While most people are rightly sceptical of claims that the government followed the rules on Christmas parties at the end of 2020, they seem to buy their line on the economy. Here is an interesting recent Ipsos Mori poll (source, p19).

The Tory lead is highest on ‘managing the economy’. So why, when the Conservatives have done much worse at managing the economy than Labour, is there a perception that the opposite is true?
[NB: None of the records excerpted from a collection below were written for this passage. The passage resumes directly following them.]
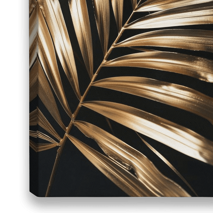 De gouden palmbladeren schitteren in majestueuze pracht en creëren een indrukwekkende compositie op een diepzwarte achtergrond. Deze afbeelding is meer dan een kunstwerk - het is een eerbetoon aan de tijdloze elegantie en eeuwigdurende schoonheid van de natuur. De gouden tinten, die het licht op een unieke manier weerkaatsen, geven de…
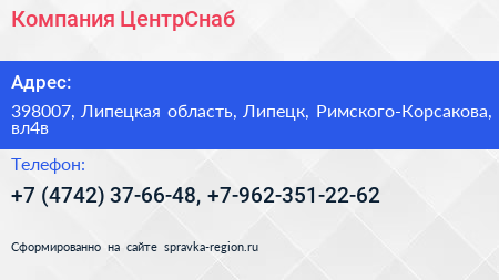 Компания ЦентрСнаб по адресу 398007, Липецкая область, Липецк, Римского-Корсакова, вл4в в дальнейшем Организация, размещена в следующих категориях:
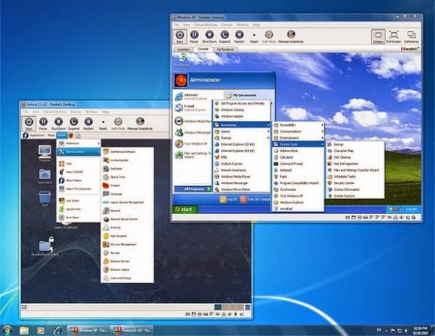 وكما تلاحظ في الصورة هناك نظامين وهميين (لينكس وويندوز XP ) يعملان في نفس الوقت داخل ويندوز 7 .
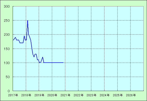 | 最高値 250万円(2018年02月) 最安値 100万円(2020年11月) |

Before speculating on this, we should look further down the poll to the question on which party has the best policies on ‘improving living standards’. Here Labour have a solid lead. Now from my point of view as an academic economist, it is quite hard to improve living standards while not managing the economy well. The two things normally go together. If we ignore academic quibbles, living standards improve by raising productivity and growth, and strong productivity and growth is close to any economist’s definition of managing the economy well.

This puzzle of divergent popular views on these two questions is not peculiar to this poll. Here is a poll from 2013 showing much the same thing. To help answer this puzzle, it may be helpful to look at answers on managing the economy over time. There are two break points. The first was 1992 and the ERM debacle. After that, Labour tended to be ahead on the ‘managing the economy’ question. The second was the Global Financial Crisis, when the lead switched back to the Conservatives.
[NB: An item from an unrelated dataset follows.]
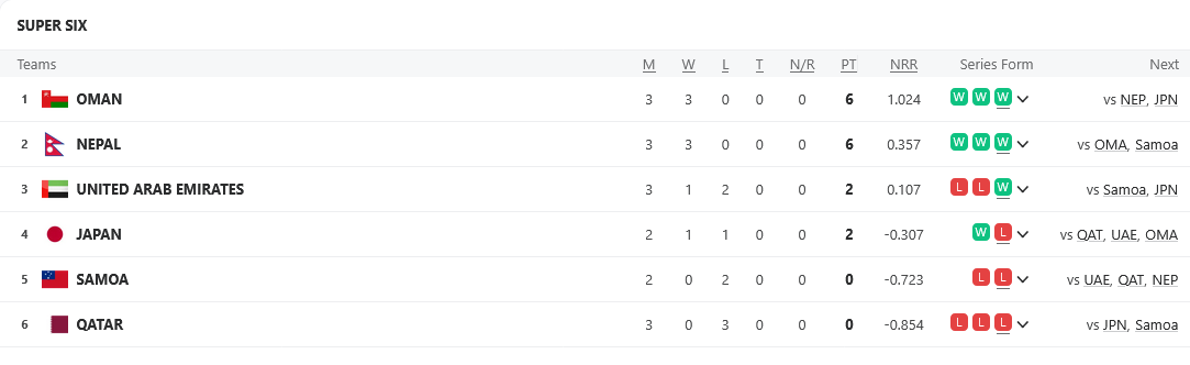 Nepal advanced to the Super Six stage as the winner of Group ‘B’, having defeated Kuwait and Japan in the group round.

There are thousands of possible reasons for believing the Conservatives are better at managing the economy but Labour are better at improving living standards, and I’m not really qualified to assess them, or to say which question is more important when people come to vote. But that will not stop me from giving my own theory.

I think for many people ‘the economy’ is a construct that they know little about, and which they see as largely divorced from their everyday experience (unlike living standards). But most voters know the economy is important, because it occupies so much of the media. They also know that big events, like Black Wednesday and the GFC, are very important. So they attribute bad things that happen in the economy to the government in power at the time.

If I’m right, Labour cannot expect poor growth and stagnant living standards to turn around voters’ view about who is best to run the economy. The best they can do is begin to bust the myth that the Conservatives are better at running the economy by explicitly saying the economy is not an abstract thing, but it is all about the average person’s living standards which reflects the growth in total GDP.

To successfully do this they need to take a leaf out of the Tory play book. Conservative MPs, whenever the opportunity arises, talk about how their government has created a strong economy. Labour needs, at every opportunity, to start saying the opposite. That requires 'lines to take' given to all Labour MPs, with quick rebuttals if questioned. But more than that, it requires Labour MPs to start recognising the evidence that the last Labour government was better at managing the economy than the subsequent Conservative governments.